Back to Articles

Open Trajectory Gym: Training LLM Agents to Solve CTF Challenges Through Real Tool Execution

[ View on GitHub ]

Open Trajectory Gym: Training LLM Agents to Solve CTF Challenges Through Real Tool Execution

Hook

A prompt evolution technique called GEPA can outperform gradient-based reinforcement learning while using 35x fewer compute resources—but only for agentic tasks where the model already understands the domain conceptually.

Context

Large language models can explain cybersecurity concepts fluently, but ask them to actually solve a CTF challenge and they fall apart. The gap isn’t knowledge—it’s execution. Base models fail to maintain context across dozens of tool invocations, lose track of incremental progress, and can’t learn from the feedback loops that expert agents navigate instinctively.

Traditional post-training approaches like RLHF focus on single-turn quality, but agentic tasks demand something different: the ability to orchestrate multi-step workflows where each action depends on observing the previous result. Open Trajectory Gym tackles this by treating agent traces as first-class training data. Instead of training on isolated question-answer pairs, it captures entire episode trajectories—the full sequence of observations, tool calls, and outcomes—then uses three complementary training phases to teach models the workflows that separate functional agents from conversational chatbots.

Technical Insight

Adapters

observations/actions

raw trajectories

environment state

training data

successful traces

full context + rewards

fine-tuned weights

policy updates

scoring

inference

Agent + LLM

Trace Collection

Dataset Converter

Benchmark Adapter

Reward Adapter

Model Adapter

Training Strategy

SFT via TRL

Online RL via SkyRL

System architecture — auto-generated

The framework’s architecture decouples five concerns through adapter protocols: agent implementations, language models, benchmarks, reward functions, and training algorithms. This modularity means you can swap a CTF benchmark for software engineering tasks or replace the model without rewriting orchestration logic.
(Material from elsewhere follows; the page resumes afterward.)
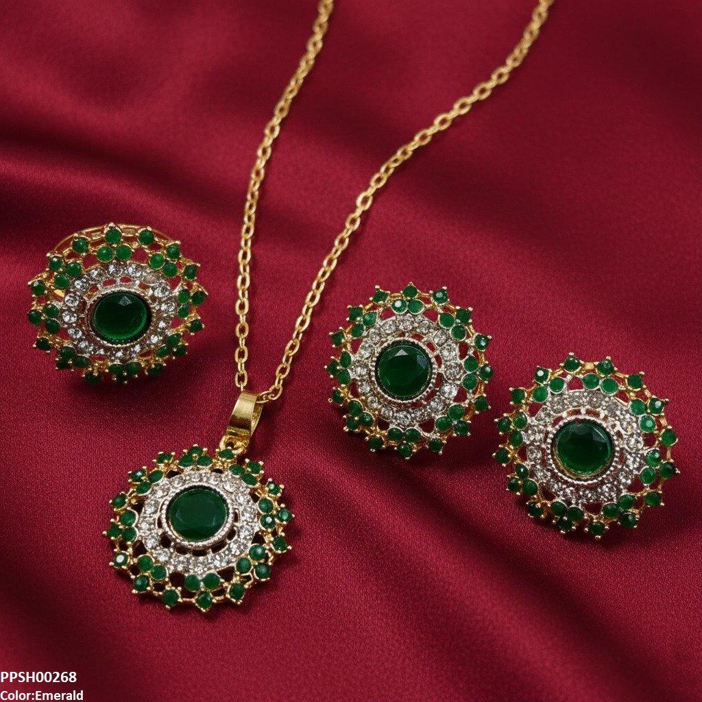 PPSH00268 SDQ Round Stone Flower Pendant Set - PPSH

The pipeline operates in four stages. First, trace collection runs episodes where agents interact with benchmarks, capturing every observation and action. Here’s what a trace adapter interface looks like:

from open_trajectory_gym.adapters import TraceAdapter

class CyBenchTraceAdapter(TraceAdapter):
    def collect_episode(self, agent, env, max_steps=50):
        """Collect single trajectory with tool execution feedback."""
        trajectory = []
        obs = env.reset()
        
        for step in range(max_steps):
            action = agent.act(obs)
            next_obs, reward, done, info = env.step(action)
            
            trajectory.append({
                "observation": obs,
                "action": action,
                "tool_result": next_obs,
                "reward": reward,
                "metadata": info
            })
            
            if done:
                break
            obs = next_obs
            
        return trajectory

Stage two converts trajectories into training datasets. For supervised fine-tuning, successful traces become demonstrations. For online RL, the framework preserves the full context window including tool outputs, enabling the model to learn from execution feedback rather than just syntactic patterns.
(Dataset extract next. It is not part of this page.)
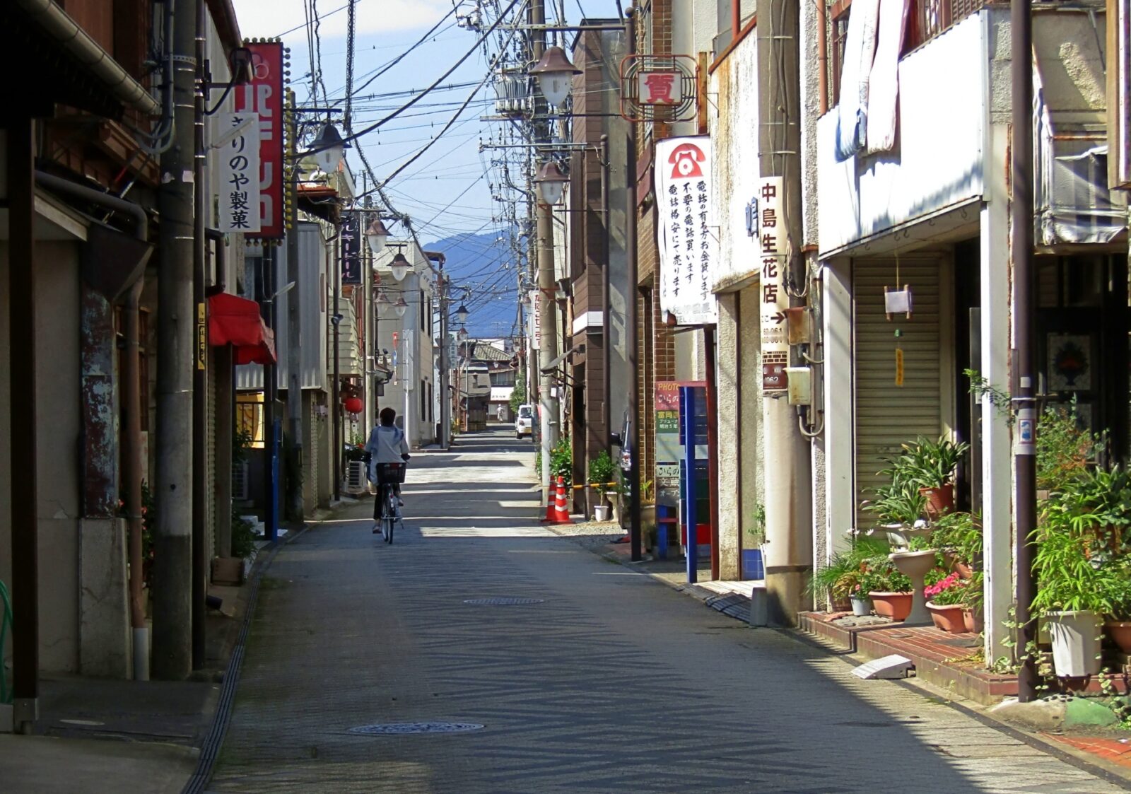 すれ違いが難しい狭い道があるのは、どの地域でも同じ。

Stage three implements three training methods. SFT uses TRL (Transformer Reinforcement Learning) to imitate successful agent traces. The model learns surface patterns—which tools experts invoke, how they parse outputs, typical action sequences. On CyBench CTF challenges, this alone improves solve rates from 12.5% to roughly 20%.
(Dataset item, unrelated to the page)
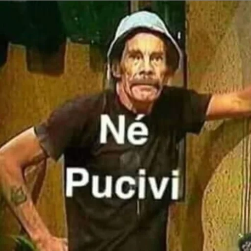 Homem com boné e camiseta preta, com texto 'Né Pucivi' sobreposto.

Online RL kicks in next, using a patched SkyRL fork that executes tools during training. Unlike standard RLHF where rewards come from preference labels, here the environment provides rewards: did the SQL injection work? Did the reverse shell connect? The trainer uses RLOO (Reward-weighted Likelihood with Leave-One-Out baseline) for advantage estimation:

# Simplified RLOO advantage calculation
def compute_advantages(trajectories, baseline_values):
    advantages = []
    
    for i, traj in enumerate(trajectories):
        # Leave-one-out baseline: average of all other trajectories
        other_returns = [t.return_value for j, t in enumerate(trajectories) if j != i]
        baseline = np.mean(other_returns)
        
        advantage = traj.return_value - baseline
        advantages.append(advantage)
        
    return advantages

This approach reduces variance compared to single-baseline methods because each trajectory is compared against contemporaneous rollouts rather than a static baseline. The live tool execution matters crucially—the model receives genuine feedback about whether its SQL syntax was valid, not whether a human annotator thought it looked plausible.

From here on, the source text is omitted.